We have identified a cluster of six genes involved in trehalose transport and utilization (thu) in Sinorhizobium meliloti. Four of these genes, thuE, -F, -G, and -K, were found to encode components of a binding protein-dependent trehalose/maltose/sucrose ABC transporter. Their deduced gene products comprise a trehalose/maltose-binding protein (ThuE), two integral membrane proteins (ThuF and ThuG), and an ATP-binding protein (ThuK). In addition, a putative regulatory protein (ThuR) was found divergently transcribed from the thuEFGK operon.

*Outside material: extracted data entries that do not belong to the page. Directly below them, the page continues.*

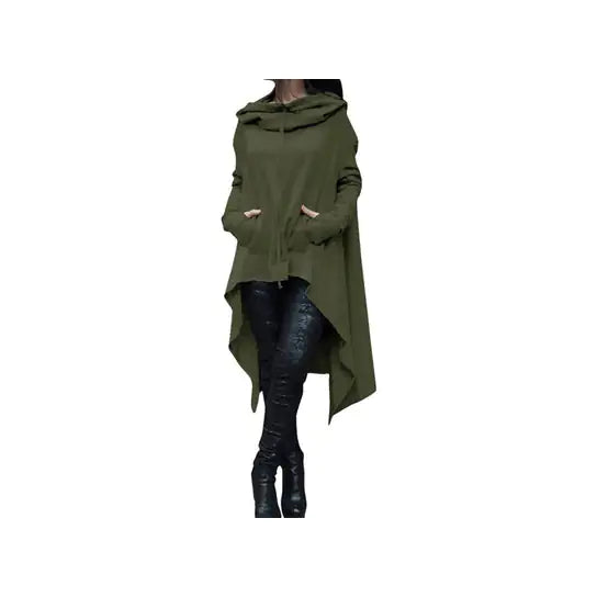 This is a wonderfully relaxed and relatively soft Cotton hooded cardigan, with a slightly bigger length for extra coziness and asymmetrical design for the style quotient ... It is created with a very soft Cotton which a drawstring hood and Kangaroo pockets not only to assures a comfortable feel but thealso give you that extra warmth for cold hands...
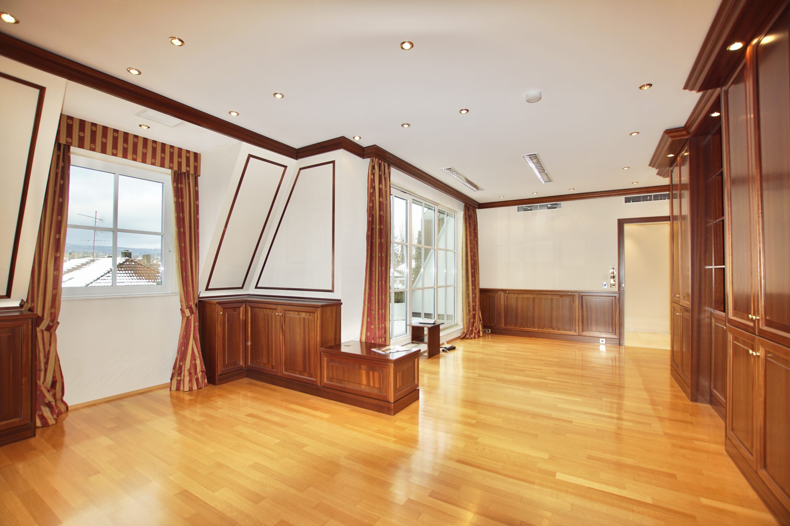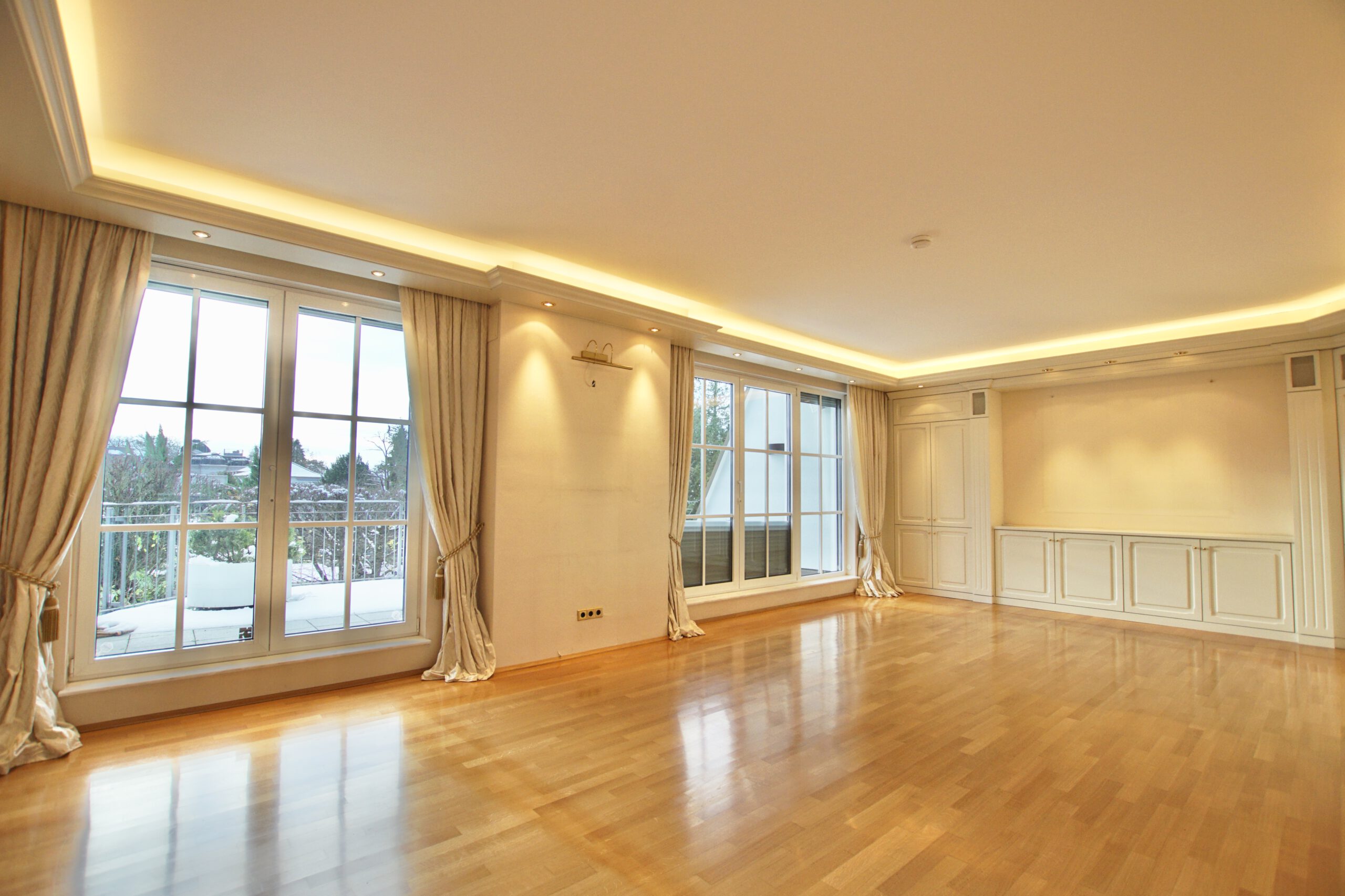 Through the various floor-to-ceiling windows and the four balconies you can enjoy a magnificent view over the rooftops of the city of Wiesbaden.
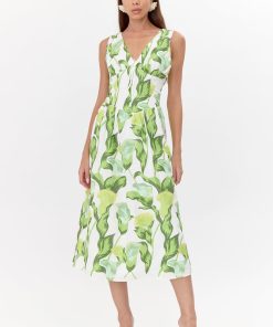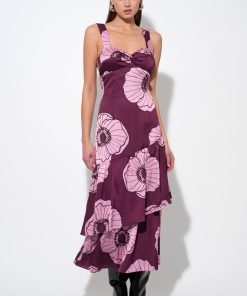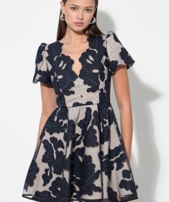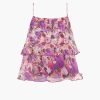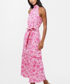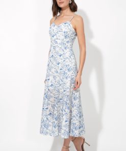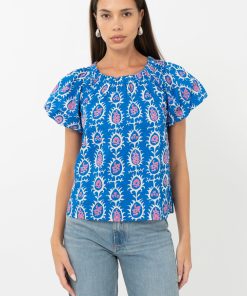 Blue top rendered in a pink and white print. The garment features an elasticated neckline that can be styled as an off shoulder piece.
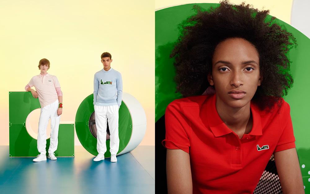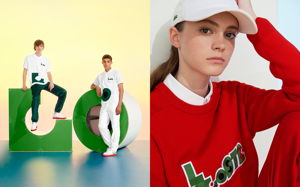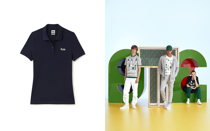 A partir de ese ejercicio tipográfico, Lacoste ha desarrollado una doble colección cápsula, que se divide en una Main Line y en una Edición Limitada. Las prendas de ambas propuestas se han producido en los colores clásicos de la marca (blanco, azul marino, rojo, azul cielo y rosa flamenco). La palabra Lacoste va bordada en tonos rojo y verde, sustituyendo al cocodrilo de toda la vida en los polos de manga corta. Este bordado va también en el centro de las sudaderas, cintas para la cabeza y muñequeras. Además, hay una camiseta con todo el alfabeto creado por M/M paris, donde solo las letras que componen la palabra Lacoste van coloreadas. Estos gráficos se repiten en una cara del bolso reversible Anna, mientras que en la otra cara se muestra un estampado con el logotipo del estudio parisino.
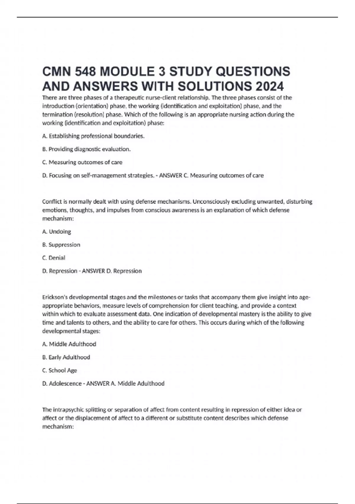 CMN 548 MODULE 3 STUDY QUESTIONS AND ANSWERS WITH SOLUTIONS 2024
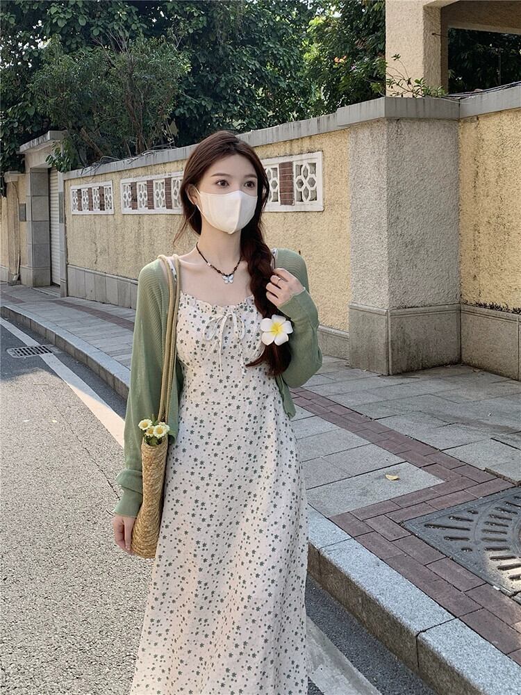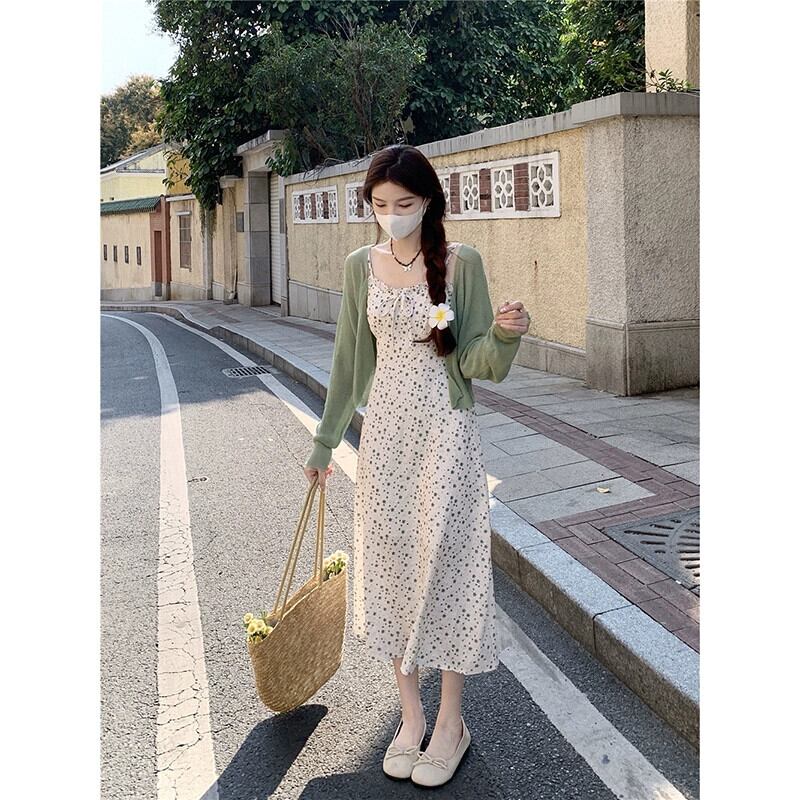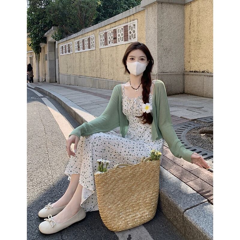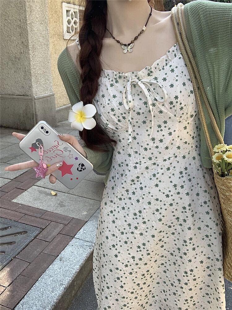 小さな新鮮な花柄サスペンダードレスの女性の春 2024 新しいスタイル優しいスタイル甘いウエスト痩身ロングスカート 大人ガーリー スウィート キュート カジュアル スプリング 春物 missk92865258519
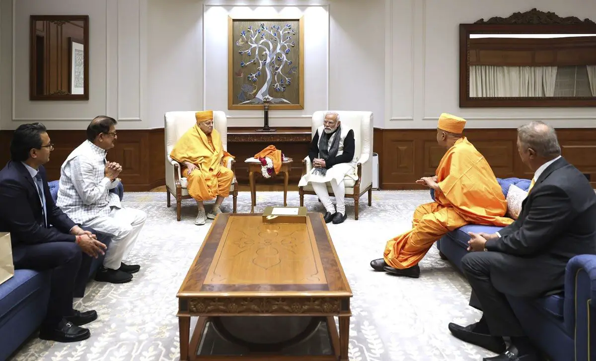 In the concluding moments of the meeting, the Swamis conveyed the love and spiritual intent of their leader, Mahant Swami Maharaj and offered prayers for the PM's health and well-being.
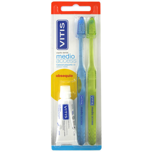 Vitis duplo cepillo dental adulto medio aCCess + regalo pasta blanqueadora 15 mL

When the thuE locus was inactivated by gene replacement, the resulting S. meliloti strain was impaired in its ability to grow on trehalose, and a significant retardation in growth was seen on maltose as well. The wild type and the thuE mutant were indistinguishable for growth on glucose and sucrose. This suggested a possible overlap in function of the thuEFGK operon with the aglEFGAK operon, which was identified as a binding protein-dependent ATP-binding transport system for sucrose, maltose, and trehalose. The K(m)s for trehalose transport were 8 +/- 1 nM and 55 +/- 5 nM in the uninduced and induced cultures, respectively. Transport and growth experiments using mutants impaired in either or both of these transport systems show that these systems form the major transport systems for trehalose, maltose, and sucrose. By using a thuE'-lacZ fusion, we show that thuE is induced only by trehalose and not by cellobiose, glucose, maltopentaose, maltose, mannitol, or sucrose, suggesting that the thuEFGK system is primarily targeted toward trehalose. The aglEFGAK operon, on the other hand, is induced primarily by sucrose and to a lesser extent by trehalose. Tests for root colonization, nodulation, and nitrogen fixation suggest that uptake of disaccharides can be critical for colonization of alfalfa roots but is not important for nodulation and nitrogen fixation per se.